Three days till polling day, and for many politically-engaged Christians (or is it just me?) the dilemma presents itself: how should we pray concerning the election? Should we pray for “our side” to win, or should we attempt to be more highminded – praying, as it were, for a “good clean fight”, regardless of outcome – lest we turn our prayers into an attempt to canvass the Almighty (“So can we put you down as an ‘undecided’? And will you be needing a lift to the polling station on Thursday?”)
Thomas Aquinas – via Denys Turner – can help us out here. At one point in his book, Thomas Aquinas: A Portrait, Turner discussed what Thomas has to say concerning voluntas, or the “will”. This is a problematic term for modern readers, Turner suggests:
Bluntly, Thomas’s voluntas is not best translated by the English “will” at all.

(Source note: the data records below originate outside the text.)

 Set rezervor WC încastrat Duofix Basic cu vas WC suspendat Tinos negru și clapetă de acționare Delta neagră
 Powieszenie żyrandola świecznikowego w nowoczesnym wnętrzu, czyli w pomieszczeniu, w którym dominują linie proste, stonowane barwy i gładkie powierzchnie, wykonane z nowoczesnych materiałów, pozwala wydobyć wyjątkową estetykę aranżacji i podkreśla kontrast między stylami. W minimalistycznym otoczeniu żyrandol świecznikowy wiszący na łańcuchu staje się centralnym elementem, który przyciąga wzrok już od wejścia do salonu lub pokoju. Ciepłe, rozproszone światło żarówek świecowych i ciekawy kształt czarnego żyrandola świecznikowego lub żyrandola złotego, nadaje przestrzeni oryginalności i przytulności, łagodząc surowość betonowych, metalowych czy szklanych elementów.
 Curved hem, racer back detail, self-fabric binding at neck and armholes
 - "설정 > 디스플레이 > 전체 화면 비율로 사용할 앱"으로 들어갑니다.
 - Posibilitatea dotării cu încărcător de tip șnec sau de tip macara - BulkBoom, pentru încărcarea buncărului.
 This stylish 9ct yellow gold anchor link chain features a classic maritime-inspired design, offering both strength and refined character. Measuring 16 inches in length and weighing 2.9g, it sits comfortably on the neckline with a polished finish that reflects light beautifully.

It is more accurately, if more cumbersomely, translated as one translates Aristotle, as rational or “reasoned desire”, that is, desire rationally deliberated as distinct from instinctive or nonrational forms of desire such as is caused in a hungry person by the smell of food. (pp.174ff.)
Another way of putting it is that my “will” consists in what I “really” want – that is, in what will make me happy. This is not without its own problems, given the human capacity for self-deception, but for Thomas it lies at the heart of what “the moral life” is about: developing prudentia, “skill in seeing the moral point of human situations, what true desires are to be met within them.”

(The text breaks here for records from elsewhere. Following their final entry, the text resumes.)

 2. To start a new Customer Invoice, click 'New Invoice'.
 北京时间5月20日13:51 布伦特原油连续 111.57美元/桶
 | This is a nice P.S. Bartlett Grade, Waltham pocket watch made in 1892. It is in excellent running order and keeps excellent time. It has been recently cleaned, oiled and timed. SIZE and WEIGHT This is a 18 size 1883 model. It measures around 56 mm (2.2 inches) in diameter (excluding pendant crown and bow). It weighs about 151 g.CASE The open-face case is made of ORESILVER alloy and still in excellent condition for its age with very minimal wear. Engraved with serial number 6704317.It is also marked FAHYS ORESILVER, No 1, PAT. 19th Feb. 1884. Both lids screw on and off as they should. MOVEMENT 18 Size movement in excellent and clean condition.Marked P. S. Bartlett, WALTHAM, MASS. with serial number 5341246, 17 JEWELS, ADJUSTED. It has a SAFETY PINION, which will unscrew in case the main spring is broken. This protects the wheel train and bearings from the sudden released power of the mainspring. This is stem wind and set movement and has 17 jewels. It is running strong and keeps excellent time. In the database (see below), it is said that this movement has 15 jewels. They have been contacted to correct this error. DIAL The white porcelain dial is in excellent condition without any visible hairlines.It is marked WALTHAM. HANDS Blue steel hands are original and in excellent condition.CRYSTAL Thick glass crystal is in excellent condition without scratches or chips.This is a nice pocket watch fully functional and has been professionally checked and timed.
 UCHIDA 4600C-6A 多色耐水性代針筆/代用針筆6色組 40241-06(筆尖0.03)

How can we do this? How can we start to strip away our self-deception, pierce the veil of our ignorance, and develop this “prudence” in desiring what will make us truly happy, give us what we “really” want?
For Thomas, the answer is: prayer. And Thomas advises that, when we pray, we should pray for what we want: not for what we think we ought to want. As Turner puts it, prayer is in part about self-discovery, and:
…our only available starting point for that practice of self-discovery is our wants and desires as we actually experience them. Therefore, Thomas says, we ought to pray for what we think we want regardless. For prayer is “in a certain manner a hermeneutic of the human will,” so that by way of placing our desires as we experience them before God we are asking also that those desires be “unfolded,” “explicated,” thereby to release their real significance, the real want that is wrapped up in, “implicated” in all their opacity in their form as experienced.
In other words, it is only by praying for what we think we want that we will discover both the real desire that underlies our “wants”, and thus how our desires need to change in order to conform to God’s will for us. The model is Jesus’ prayer in Gethsemane:
Therefore, says Thomas, we ought to pray, as Jesus did in the garden of Gethsemane, “in response to our animal desire” (secundum sensualitatem). For when we pray as Jesus did then, out of animal need and desire – for Jesus was scared of death, as naturally any animal is – we are placing that animal need and desire within the interpretative power of the divine will itself, wherein alone we will discover our own real will.
Thus we should be praying for what we want, even if we don’t know that it is God’s will – and, what’s more, even if we know it is not God’s will:
Therefore, Thomas concludes, we ought always to pray for what we think we want; for Jesus prayed as he did in Gethsemane so as to teach us just that lesson, namely that it is “permitted for human beings naturally to desire even what [they know] is not God’s will”; and, as if in reinforcement of what for many is a startling thought, he cites the authority of Augustine to the same effect, commenting on the same prayer of Jesus: “It is as if [Jesus] were saying: ‘See yourself in me: for you [too] can wish something for yourself even though God wishes something else.'” Only thus, in the prayer of honest desire, is there any chance of our discovering what are our true desires, our real will.
So, if you are politically partisan, then the proper thing to do in praying about the outcome of the election, for Thomas, is to pray on politically partisan grounds: to pray for a Labour victory, or a Conservative victory, or a Green/Lib Dem/Plaid Cymru/SNP rainbow coalition, or whatever your desired outcome may be. Only by sincerely praying for what you actually want can you sincerely end your prayers with: “yet, not my will but yours be done.” (And even then, I’ll find it a struggle if the answer to that prayer is five more years of Mr Cameron in No.10.)